Eyes on the Screen

Back to Contents of Issue: September 2001


Telematics demands better screens -- which opens the door on a huge new market for electronic ink or organic displays.


As new technology brings more information to drivers, displays become crucial. "There are so many warnings in cars these days," says Yutthana Manussuntornvut of Honda Motor's public relations division. "With displays, we have to think about how we can get the information to drivers and make it easy for them to understand." Carmakers are searching for the best way to deliver all the information new car technology makes possible. They are weeding out the less desirable systems and trying to create displays that are clear and simple. Human-machine interface research, which examines the point where people meet technology and gauges the product's effectiveness, efficiency, and ability to satisfy the user, is at the vanguard of the search for user-friendly displays. Research is progressing rapidly at the major carmakers and at many universities around Japan.

The need for display screens with sharper resolution and better readability has also sparked interest in some companies that have little or no experience in the auto business -- like E Ink Corp. of Massachusetts. E Ink is best known as the developer of an electronic ink that it hopes one day will be used on paper-thin electronic displays with wireless attachments to the Internet, called electronic paper. But Dan Button, senior director of business development for E Ink, says the company has its eye on the auto market as well.
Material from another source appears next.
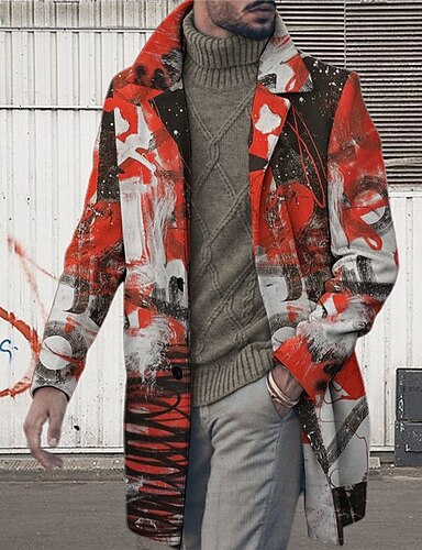 Муж. Графические принты Граффити Зимнее пальто Пальто Сохраняет тепло Удобный Дышащий Мода Уличный стиль Деловые Офис Носить на работу На выход Карман С принтом Наступила зима Отложной Длинный рукав

Its recent deal with Toppan Printing of Japan to form a strategic partnership and develop color displays should help. Toppan is the world leader in color filter arrays, and it has already developed an integrated-circuit (IC) card for use in the nation's electronic toll collection system.

Masahiro Itoh, director of Eastman Kodak's organic light-emitting diode (OLED) operations in Japan, also says his company would someday be interested in finding car applications for its OLED displays, which have been released in prototype form in 1999 and 2000 and should be on the market by the first half of 2002 in digital cameras or cellphones. To make the displays adaptable to cars, Kodak "would have to do work on the levels of heat resistance," Itoh says.

Heat resistance is a key for display screens since car interiors can soar in temperature and displays embedded in the dash have to resist heat from the engine. Toppan's IC card was tested at temperatures of up to 90 degrees C, the company said.

In research centers and laboratories across the country, researchers are experimenting with different screens, sounds, and even smells to inform, alert, or wake up drivers. They're also trying out different buzzers and bells on test drivers. The aim is to inform and not distract the driver, but the task is daunting, to say the least. Timid drivers could practically develop nervous tics if all this new technology beeped and buzzed every time they veered slightly out of the lane or turned their head from the view of a high-tech camera to talk to someone in the back seat or get something out of a bag. But display technology is rapidly moving forward, ready or not.

Button is bullish on E Ink's chances in the car market because of the readability of its electronic ink, which consists of millions of tiny black and white microcapsules that are brought to the screen through negative or positive charges. The electronic ink is readable in intense sunlight as well as dim light, and Button says that's important for car displays.

"The biggest problem with displays in cars is you can't see the darn things," Button says. "When you move from the bright light outside to the dim light inside the car, you will ultimately see them, but you aren't gonna see them right away."

Display makers are brimming over with new technologies these days: OLED, electronic ink, an electroluminescent display unveiled by Sony earlier this year, and new versions of more conventional forms such as liquid-crystal displays, for example. Many companies developing new display technology say they will go after personal digital assistants, cellphones, digital cameras, and other products requiring small screens first, then move on to laptops, electronic paper, TVs, and cars in several years. With the first wave of these new screens scheduled for release later this year or early next year, the race for the car display market is approaching the starting line.